As is the case with all things performance, you tend to end up collecting lots of information but finding very little of it to be of any use. To further frustrate efforts, it's common that the useful data only provides some direction to the answer and not the answer it’s self. In this case we've been able to widdle down the data to 12 threads, all in the service of the VM. This shorter list is much easier on the eye. Lets see if we can shorten the list even further. First, BlueDragon is a server application so there’s nothing for the AWT-AppKit thread to be doing. Even so, it’s a single thread and as such can’t be responsible for more than 100%. Same can be said for the Poller SunPKCS11-Darwin, Signal Dispatcher, VM Thread, and the Exception Catcher Thread.

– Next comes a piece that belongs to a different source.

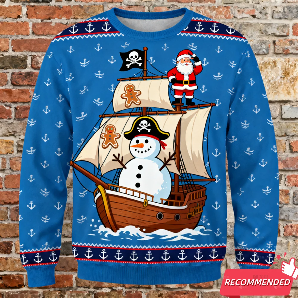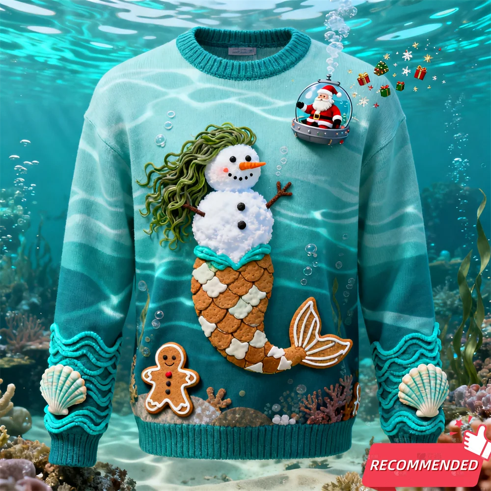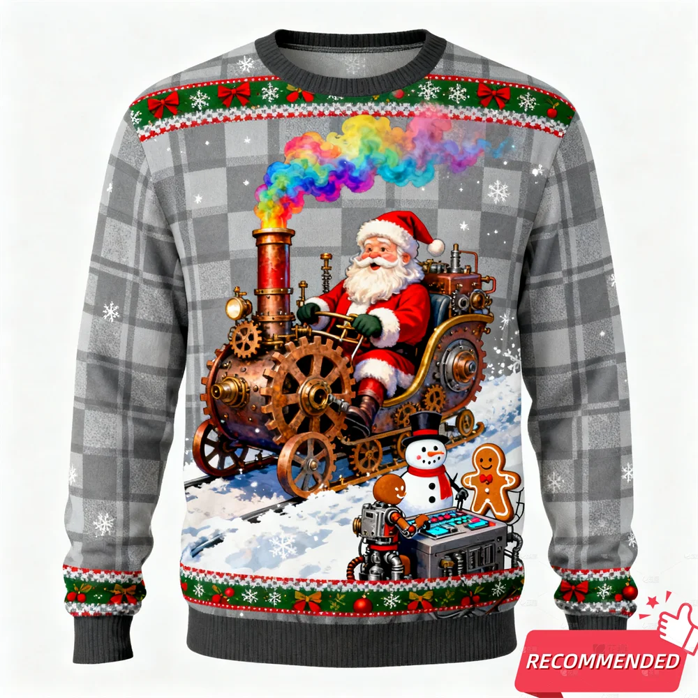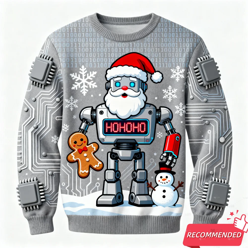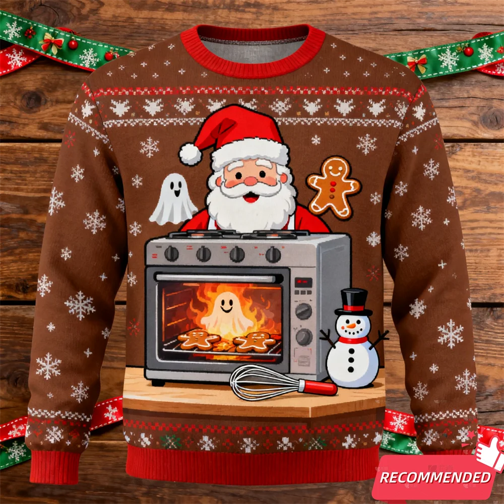 Funny Santa Snowman Men s Ugly Sweatshirts Gingerbread Man 3D Print Graphic L...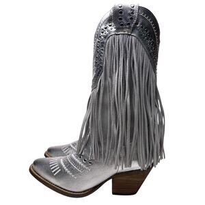 Dingo Western Cowboy Boots 1969 Gypsy Women's 9.5 Snip Toe Silver Leather Fringe

When ever I’m offered a set of data that is conflicting or confusing I tend to drop back to first principles and the things I can count on. First, the CPU burn was caused by the JVM. Second, no application or application server threads were responsible. Hence the only possible conclusion is that threads native to the JVM were responsible. While it was possible that the native threads that I ruled out were responsible, each thread by it’s self could not have been responsible. That suggest that at least two different problems in the new deployment environment are responsible for . While not impossible, it's more likely that a single problem is responsible. The only single activity that is threaded in this case is GC. The next obvious step is to turn on GC logging to see what the collector is up to. In the process of setting the GC logging flags, the settings “-Xmx1024m -Xmn1024m” were discovered. Setting max heap size to young gen size caused GC to run continuously. Mystery solved!